Коньяк в Сен‑Дизье – мечта!
– Борис, а как мы с тобой на лестнице сидели! В «Омоне», помнишь?
Разговор идет по‑английски, и Мартин тотчас же вмешивается:
– Я другую лестницу помню.
– Это какую?
– В казино. Как я по ней из автомата полоснул.
– И кончился Ланге. Кстати, ты, говорят, потом его живого встретил?
– Было дело. Без автомата.
– Жалеешь?
– Зачем? Прямой справа – и он уже слюнки пустил.
– А Этьен?
Мартин морщится.
– Он уже мертвый был, когда я ему о девушке из казино напомнил. «Иес, сэр», «Ноу, сэр». А глаза стеклянные.
Минутное молчание, и я спешу переменить тему:
– Женился?
– Нет. Девчонки нет подходящей.
– А Мария?
– Вернулся из Гренландии, а она уже замужем. Не верила, говорит, что вернусь. Кстати, знаешь за кем? За тем полицейским‑оборотнем, которому я башку продырявил, а он даже не пошатнулся. В жизни он штучка, между прочим. Геракл с медными пуговицами. Три фута в поперечнике.
Мартин вздохнул, и я снова переменил тему:
– Старика видишь?
– Томпсона? Нет. Он сейчас в Пасадене грейпфруты выращивает. Вот такие. – Мартин показывает что‑то вроде арбуза.
– Занятный старик, – говорит Зернов.
Но я отрубаю:
– Вредный.
– Нет, – задумчиво поправляет Мартин. – Честный. Только…
– …без чувства юмора, – смеется Зернов.
Мартин весело подхватывает:
– Потому он меня и уволил в Гренландии.
– Когда?
– Вас еще не было. Мы только‑только фиолетовое «пятно» обнаружили. Он все: вакуум да вакуум. И пристал: «Вы, говорит, о вакууме Дирака слышали?» Ну а я честно: «Нет, сэр». – «А кто такой Дирак, знаете?» Я опять: «Нет, сэр». – «А Эйнштейн?» – «Ну, об этом я слышал еще в колледже. Служил парень в бюро патентов, а потом теорию относительности придумал». – «А что, говорит, стимулировало открытие этой теории?» – «Заработать хотелось, сэр». Ну, он меня и уволил. Тут же. Приказал выдать наградные и отправить в Уманак. В Уманак я вылетел за вами, а наградные все‑таки выплатили. Не мелочился старик.
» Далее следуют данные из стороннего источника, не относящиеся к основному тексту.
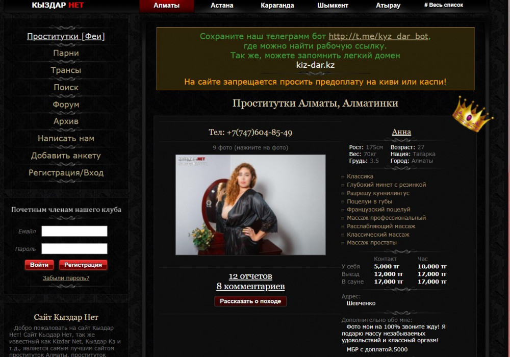"Представленные интернет-ресурсы ww.kizd-ar.net; ww.qizdar2.com; ww.qisdar.kz; k.yzdar.kz; ww.kyzdar.com; w3.kizdar2.net; kizd0r.net; qyzdarai.net; k1zdar.kz; feika.org; best.konfetki.club; relaxation.pub; kaz-girls.net ; astanink1.com; don-m.net; qznova.kz были признаны противозаконными комитетом информации МИОР. На сегодня в казахстанском сегменте Интернета доступ по вышеперечисленным ссылкам ограничен".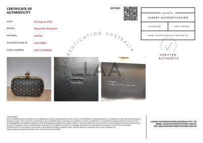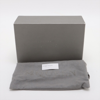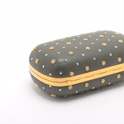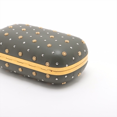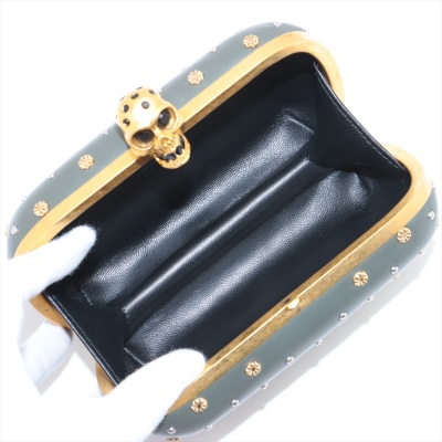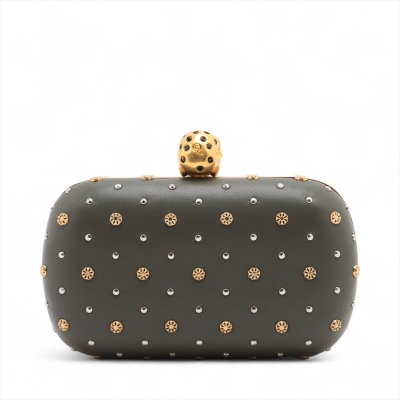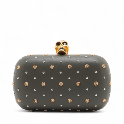 Alexander McQueen Studded Skull Clutch bag in grey leather. Featuring antique gold-toned hardware, stud embellishments along body of bag, and skull designed clasp closure. This opens to a black leather interior. Approximate dimensions: 16cm(L) x 9cm(H). Accompanied by Alexander McQueen dustbag and box. With Luxury Authentication Australia Certificate of Authenticity. (Pre-owned)

Почему‑то стало темнее, хотя до вечера было еще далеко.
– Гроза, что ли, собирается? – спросил я, выглядывая с веранды.
– Гроза прогнозом не предусмотрена. Без осадков, – важно сказал Толька.
Все засмеялись, даже Мартин, которому я перевел реплику Тольки.
– Все прогнозы врут, наши тоже, – сказал он. – А ведь и в самом деле темнеет.
Я повернул выключатель на стенке, но лампочка не зажглась.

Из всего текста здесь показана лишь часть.